I now have compiled the drivers as modules. Still, no luck. I'm not sure what making sure the userspace software is working correctly entails. I do have USE="v4l". I've tried to capture through VLC as well, still no luck. I am in the video group.

Thanks

----------

## cach0rr0

try running cheese from the console and seeing if it spits out anything useful 

i dont have any real brilliant ideas, but heh, worth trying. 

As you already have /dev/video0 the driver side of things is fine.

----------

## ISHAIM

There is no console output whatsoever from running cheese from the console. Not even from running cheese as superuser.

----------

## SDNick484

Was this issue ever solved?  Coincidentally, I too just found my old Easy PC Camera that I got for free somewhere.  I seem to recall using it in Linux years ago, but I can't get it working now.

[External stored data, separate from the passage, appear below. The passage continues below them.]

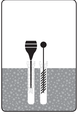
• Clean dust and other material from the hole.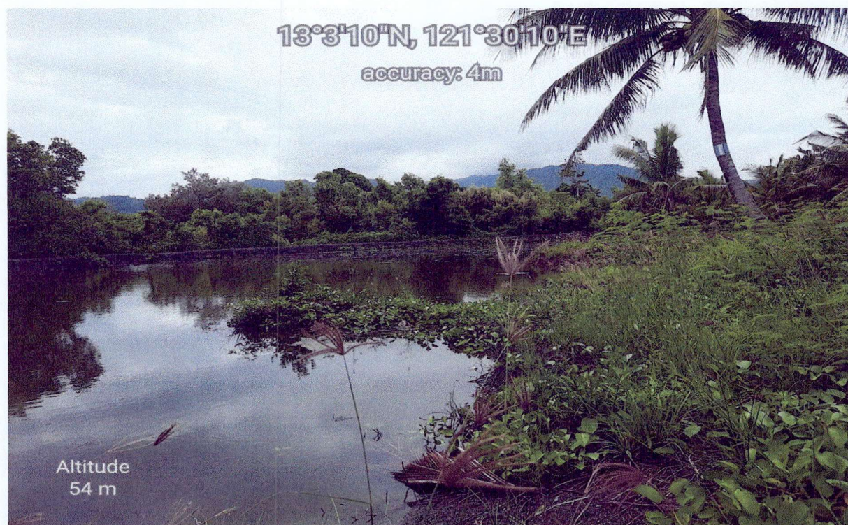
Figure 2 Photo of the entire view of the fishpond.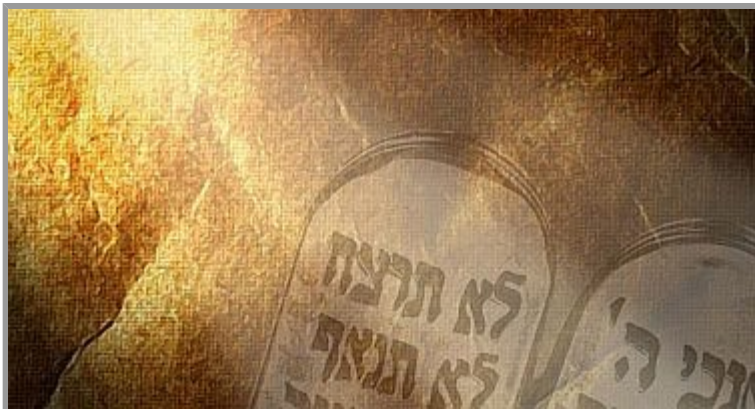
...the Ten Words of the Father

Words mean things. If we are to worship the Father in Truth, if we are to walk in the Power of the Present Presence as Yeshua said we would - perhaps we should give more attention to Whose Words we are heeding. Are we listening to the religious words of man's tradition cloaked in subtleties? Or, are we giving more weight to the Words coming from Yeshua's lips that point us to that Truth? What they actually say and what they actually mean - instead of dismissing them because they don't line up with someone else's theology.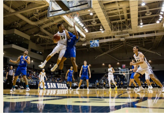
Tritons Men's Basketball Game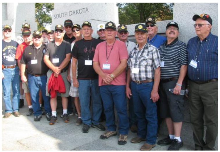
We visited the WWII Memorial and found the South Dakota Pillar.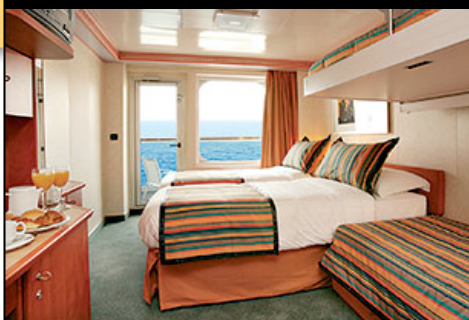
Outside w/ Balcony - $1,599 to $1,699

EDIT: I've gotten skype to work via the 508 module and using " bash -c 'LD_PRELOAD=/usr/lib32/libv4l/v4l1compat.so skype' " which I  got from https://help.ubuntu.com/community/Webcam.  However the other apps I've tried don't seem to respond even when invoking the compat library.

EDIT2: I was able to get vlc to work via "LD_PRELOAD=/usr/lib32/libv4l/v4l1compat.so  vlc".  It's built with both the libv4l2 & v4l2 use flags.

----------

## ISHAIM

Thanks a lot   :Cool:  , I was able to get the webcam working in vlc with 'LD_PRELOAD=/usr/lib32/libv4l/v4l1compat.so vlc', however the video stream has a bluish tint and is really laggy. At least I know it's working.

I am using the regular v4l USE flag, should I not? Is it deprecated?

Still nothing in cheese either.

----------